What really happened on election day will be a topic of debate for numerous analysts. But one thing is clear, Slovenia has a chance to form a government outside the traditional ideological “left-right” framework which has in many cases been an obstacle to the development of the country.
The victory of Zoran Janković and his “Positive Slovenija” is certainly a huge surprise considering the whole campaign and particularly the election forecasts which clearly predicted a victory for SDS. Even up until the last day of the campaign all major media forecasted a smooth victory for Janez Janša and his strong right coalition – mainly because no one expected Janša to make a radical mistake in the finish of the campaign. His attack on main political competitors came back as a devastating boomerang as he was not able to explain his own real estate operations, which were at the core of his attack on Zoran Janković. It´s clear that the people punished his ambiguity, just as they punished Gregor Virant for his weak and indecisive explanation of his 12 month-long period of receiving wage compensation. But in the end Virant somehow managed to pull out a decent result.
Forming a new government can sometimes be painful; sometimes surprisingly smooth and quick. The hope is always for the second scenario, and if the political parties prove sincere in their pre-election promises it should be possible. The concept of the new government should be some kind of “programme-based” non-ideological coalition with clear and measurable goals which consider the current macroeconomic situation. Short term stabilisation of the state budget, key structural reforms, more efficiency and less bureaucracy in public sector are the meeting point of all major candidates for the new coalition with Zoran Janković, SD (Social democratic Party), SLS (People´s party) and the Citizens list of Gregor Virant. A coalition with the Democratic Pensioners Party could be too risky considering their pension programme but nothing is excluded.

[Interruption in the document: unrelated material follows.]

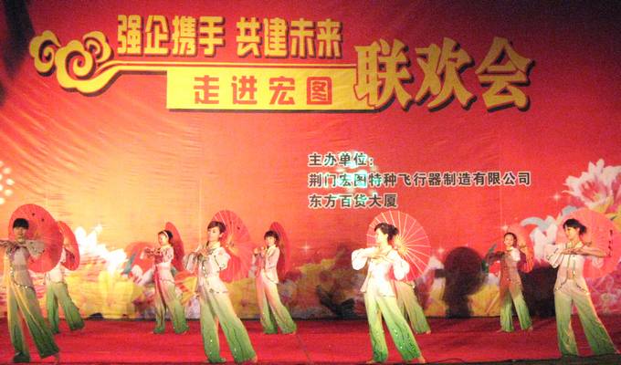 8月19日,东方百货走进荆门宏图特种飞行器制造有限公司,在宏图俱乐部露天电影场举行大型文艺联欢晚会。晚会上,东方百货与宏图公司职工精心编排的歌伴舞、相声、走秀等节目吸引了众多职工居民前来观看,整个广场挤满了兴致勃勃的观众,掌声不断,节目中间还穿插了互动以及有奖问答环节,大家兴致高涨,欢呼声一片。

Of course there are few important differences between the possible partners. The main issues could be taxes and the privatisation of state owned companies. We can also expect that some smaller parties will try to raise the price of entering the coalition. But due to the economic situation in the Slovenia and the whole Europe – and big expectations from citizens who are tired of ideological and personal conflict in Slovenian politics – we can hope that the new government will be able to make important strategic decisions for the future of the country. The same goes for the main loser of the elections, the Slovenian Democratic Party. They have a new opportunity to show that they are capable of learning from their mistakes and that they can put the welfare of the people in front of the success of their party.